AMD Discussion

cube · Aug 23, 2016

Is it really so or one of them is dual GPU?

ManuelGomes · Aug 23, 2016

Something's odd in all this.
490 being based on Vega: what of the rest of the lineup? Only one SKU in the 400 series based on Vega? The rest is all Fury?
Either AMD made Vega only for high-end, which is strange, or a new family will come up.
I'm not sure 490 isn't a dual Polaris.
And all Fury cards are Vega.
All possibilities are open.
[doublepost=1471974179][/doublepost]At least 490 is confirmed to be >256b so either dual Polaris or indeed Vega - maybe Vega Lite/11.
And Vega 10 is Fury of course.
I guess it makes sense indeed.

koyoot · Aug 23, 2016

Manuel, there will be one Fury-badged GPU. The Big Vega.

Naming scheme is very simple. RX 460, RX 470, RX 480, RX 490, RX Fury. 2 Polaris design, 2 Vega designs.

AMD did not made Vega for high-end. Vega will also end up in Raven Ridge APUs. It is exactly the same architecture.

It cannot be simpler. Zen+Vega APUs - whole APU market, Polaris - mainstream discreet GPU market. Vega - High-end Discreet GPU market.

deconstruct60 · Aug 23, 2016

koyoot said:
http://www.anandtech.com/show/10578...rs-micro-op-cache-memory-hierarchy-revealed/2

This is best analysis of the Zen CPU. Now it is all down to core clocks on final silicon.

Anandtech hasn't dug into the UnCore part of the flavors of Zen yet. Perhaps after the Hotchips presentation.

They will have 32 lanes. Zen is modular architecture. It has 2 clusters that are built from 4 cores, and 8 MB of L3 cache.

Both clusters need to have their own separate 16 PCIe lanes, for complete scalability.

4 cores, 8 MB L3 cache, 16 PCIe lanes.
8 cores, 16 MB L3 cache, 32 PCIe lanes.

Errrr. no. Here is the die photo of the 8 core model.

http://dresdenboy.blogspot.com/2016/08/some-last-chance-pre-hot-chips.html

The PCIe+FCH ( south bridge) portion is not replicated per core cluster. The memory channel controller is replicated. The GMI-LInk (GMI -- Global Memory Interconnect. Think HyperLink or Intel's QPI links ) is replicated. The south bridge is not.

8 cores may have 16 or 32 depending upon what UnCore Southbridge is attached. That is likely why the 32 core model has 32 PCI-e v3 lanes. [ a MCM package with two if these 8 core dies each with 16 ; 16 * 2 = 32 ] Therefore, the two package solution of the 32 core model has 64 [ which aligns up with Anandtech's motherboard layout]

cube · Aug 23, 2016

Isn't the Vega for APU smaller than Vega 11?

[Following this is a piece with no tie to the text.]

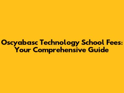 Oscyabasc Technology School Fees: Your Comprehensive Guide

Given how long it took for AMD to come up with Polaris, I would hope they would bring a lower end discrete Vega design in the near future.

deconstruct60 · Aug 23, 2016

Stacc said:
....
Bandwidth between the CPU and the GPU is not usually a bottleneck. With zen topping out at 32 cores that is going to be a very big die.

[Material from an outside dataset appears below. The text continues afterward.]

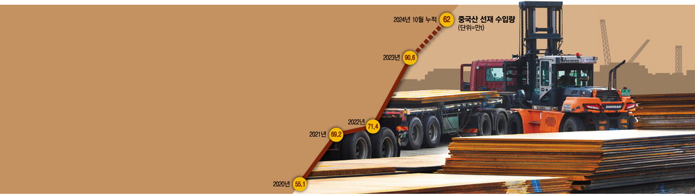 철강업계는 중국산 저가 철강재 유입에 따른 직격탄으로 해석한다. 한국철강협회에 따르면 중국산 후판 수입 물량은 2021년 47만t에서 지난해 131만t으로 2년 사이에 3배 가까이 급증한 것으로 나타났다. 올 들어 10월까지 수입 물량은 104만t으로 지난해와 비슷한 수준을 보일 것으로 전망된다. 중국산 선재 연 수입량은 지난해 약 91만t으로,2020년(55만t) 대비 65%나 늘었다. 올 들어 10월까지는 62만t으로 집계됐다.

For server APUs they can use a bigger MCM (multi chip module) package like IBM does for Power. For example, a Power 5 MCM with 4 Power5 dies and 4 L3 caches.

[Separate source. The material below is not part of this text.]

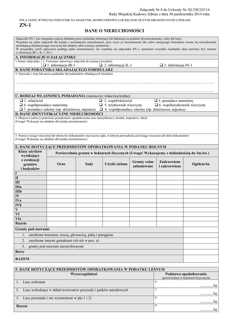 Załącznik Nr 8 do Uchwały Nr XLVII/325/14 Rady Miejskiej Kudowy-Zdroju z dnia 30 października 2014 roku POLA JASNE WYPEŁNIA PODATNIK NA MASZYNIE, KOMPUTEROWO LUB RĘCZNIE DUZYMI DRUKOWANYMI LITERAMI ZN-1 DANE O NIERUCHOMOŚCI Załącznik ZN-1 jest integralną częścią składanej przez podatnika informacji lub deklaracji na podatek od nieruchomości, rolny lub leśny. Wypełnia się jeden załącznik dla każdej z posiadanych nieruchomość, przy czym za nieruchomość dla celów niniejszego formularza uważa się nieruchomość posiadającą odrębną księgę wieczystą lub odrębny adres (miejsce położenia). W przypadku, jeżeli zgłoszeniu podlega jedna nieruchomość, nie wypełnia się załącznika ZN-1, natomiast wszystkie niezbędne dane powinny być zawarte w informacji IR-1, IL-1, IN-1. A. INFORMACJE O ZAŁĄCZNIKU 1.Numer załącznika 2. Formularz stanowiący załącznik do (zaznacz kwadrat): 1. informacja IR-1 2. informacja IL-1 B. DANE PODATNIKA SKŁADAJĄCEGO FORMULARZ 3. informacja IN-1 3. Nazwisko i imię lub nazwa podatnika lub podatników składających formularz ………………………………………………………………………………………….……………………………………………… …………………………………………………………………………………………………………………………………………. C. RODZAJ WŁASNOŚCI, POSIADANIA (zaznaczyć właściwą kratkę) 1. właściciel 2. współwłaściciel 3. posiadacz samoistny 4. współposiadacz samoistny 5. użytkownik wieczysty 6. współużytkownik wieczysty 7. posiadacz zależny (np. dzierżawca, najemca) 8. współposiadacz zależny (np. dzierżawca, najemca) D. DANE IDENTYFIKACYJNE NIERUCHOMOŚCI 4. Miejsce/a (adres/y) położenia przedmiotów opodatkowania oraz identyfikator/y działek, budynków, lokali (Uwaga! Wykazuje się odrębnie dla każdej nieruchomości) 5. Numer/y księgi wieczystej lub zbioru/ów dokumentów oraz nazwa sądu, w którym prowadzona jest księga wieczysta lub zbiór dokumentów (Uwaga! Wykazuje się odrębnie dla każdej nieruchomości) E. DANE DOTYCZĄCE PRZEDMIOTÓW OPODATKOWANIA W PODATKU ROLNYM Klasy użytków Powierzchnia gruntu w hektarach fizycznych (Uwaga! Wykazujemy z dokładnością do 1m kw.) wynikające z ewidencji Grunty rolne Zadrzewione Orne Sady Użytki zielone Ogółem ha gruntów zabudowane i zakrzewione i budynków I II III IIIa IIIb IV IVa IVb V VI VIz Razem Grunty pod stawami: 1. zarybione łososiem, trocią, głowacicą, palią i pstrągiem 2. zarybione innymi gatunkami ryb niż w poz. a) 3. grunty pod stawami niezarybionymi Rowy RAZEM F. DANE DOTYCZĄCE PRZEDMIOTÓW OPODATKOWANIA W PODATKU LEŚNYM Wyszczególnieni Podstawa opodatkowania (powierzchnia w hektarach fizycznych) 1. Lasy ochronne 6. 2. Lasy wchodzące w skład rezerwatów przyrody i parków narodowych 7. 3. Lasy pozostałe ( nie wymienione w pkt 1 i 2) 8. ..............ha ..............ha ..............ha Razem 9. ..............ha G. DANE DOTYCZĄCE PRZEDMIOTÓW OPODATKOWANIA W PODATKU OD NIERUCHOMOŚCI G.1 GRUNT 9. 1. związanych z prowadzeniem działalności gospodarczej, bez względu na sposób zakwalifikowania w ewidencji gruntów ............................................................. m2 i budynków 2. pod jeziorami, zajętych na zbiorniki wodne retencyjne lub elektrownie wodne 10. 3. pozostałych, w tym zajętych na prowadzenie odpłatnej statutowej działalności pożytku publicznego przez organizacje pożytku publicznego dzierżawionych na ogródki przydomowe 11. 4. ............................................................. ha ............................................................. m2 12. ............................................................. m2 G.2 BUDYNI LUB ICH CZĘŚCI (*) * Do powierzchni użytkowej budynku lub jego części należy zaliczyć powierzchnię mierzoną, po wewnętrznej długości ścian na wszystkich kondygnacjach, z wyjątkiem powierzchni klatek schodowych oraz szybów dźwigowych. Za kondygnację uważa się również garaże podziemne, piwnice, sutereny i poddasza użytkowe. Powierzchnię pomieszczeń lub ich części oraz część kondygnacji o wysokości w świetle od 1,40 m do 2,20 m zalicza się do powierzchni użytkowej budynku w 50%, a jeżeli wysokość jest mniejsza niż 1,40m powierzchnię tę pomija się. 13. 1. mieszkalnych ..............................................................m2 związanych z prowadzeniem działalności gospodarczej oraz od budynków mieszkalnych lub ich części zajętych na prowadzenie działalności gospodarczej zajętych na prowadzenie działalności gospodarczej w zakresie udzielania usług weterynaryjnych 14. zajętych na prowadzenie działalności gospodarczej w zakresie obrotu kwalifikowanym materiałem siewnym 16. związanych z udzielaniem świadczeń zdrowotnych w rozumieniu przepisów o działalności leczniczej, zajętych przez podmioty udzielające tych świadczeń 6. pozostałych w tym zajętych na prowadzenie odpłatnej statutowej działalności pożytku publicznego przez organizacje pożytku publicznego G.3 BUDOWLE 1. budowle (wartość, o której mowa w przepisach o podatkach dochodowych - 17. 2. 3. 4. 5. w zaokrągleniu do pełnych złotych) .............................................................m2 15. .............................................................m2 .............................................................m2 ............................................................m2 18. ........................................................... m2 19. ........................................................................zł* H. INFORMACJA O PRZEDMIOTACH ZWOLNIONYCH (podać powierzchnię, bądź wartość budowli przedmiotów zwolnionych oraz przepis prawa – z jakiego tytułu występuje zwolnienie)

https://en.wikipedia.org/wiki/POWER5

The overall module is the "APU". So could put a full sized 32 core die and a med-large GPU HBM module into the same supersize (relative to normal desktop socket) module. If have a multiple die solution then need a low latency, high bandwidth solution to handle traffic between the dies. But also don't necessarily need the same substrate interposer to span both the GPU+HBM and the CPU die

The bandwidth (and latency ) is a bottleneck if start to use NUMA, global memory. So if the CPU and GPU are both pulling/pushing data into the HBM memory that could clog up fairly quickly. Especially on HPC kernels that lean on bisection bandwidth ( and not mainstream desktop software. )

Again I don't see the relevancy here for a Mac Pro. These "server" APUs are likely aimed at being fundamental building blocks for Supercomputer ( or mini-Supercomputers ).... stuff heading for machine rooms not ultra quiet desktops.

I doubt they have any room left to fit any sort of GPU on there, especially one that has even mainstream performance.

There is no necessity to put everything on one die in a "System on a Chip" (SoC) solution. Many iOS devices have RAM stacked on top. The Intel Iris Pro soltuions with eDRAM have the large eDRAM cache in a separate die placed in the same module as the CPU die. Same thing only a bit bigger.

koyoot · Aug 23, 2016

deconstruct60 said:
Anandtech hasn't dug into the UnCore part of the flavors of Zen yet. Perhaps after the Hotchips presentation.

Errrr. no. Here is the die photo of the 8 core model.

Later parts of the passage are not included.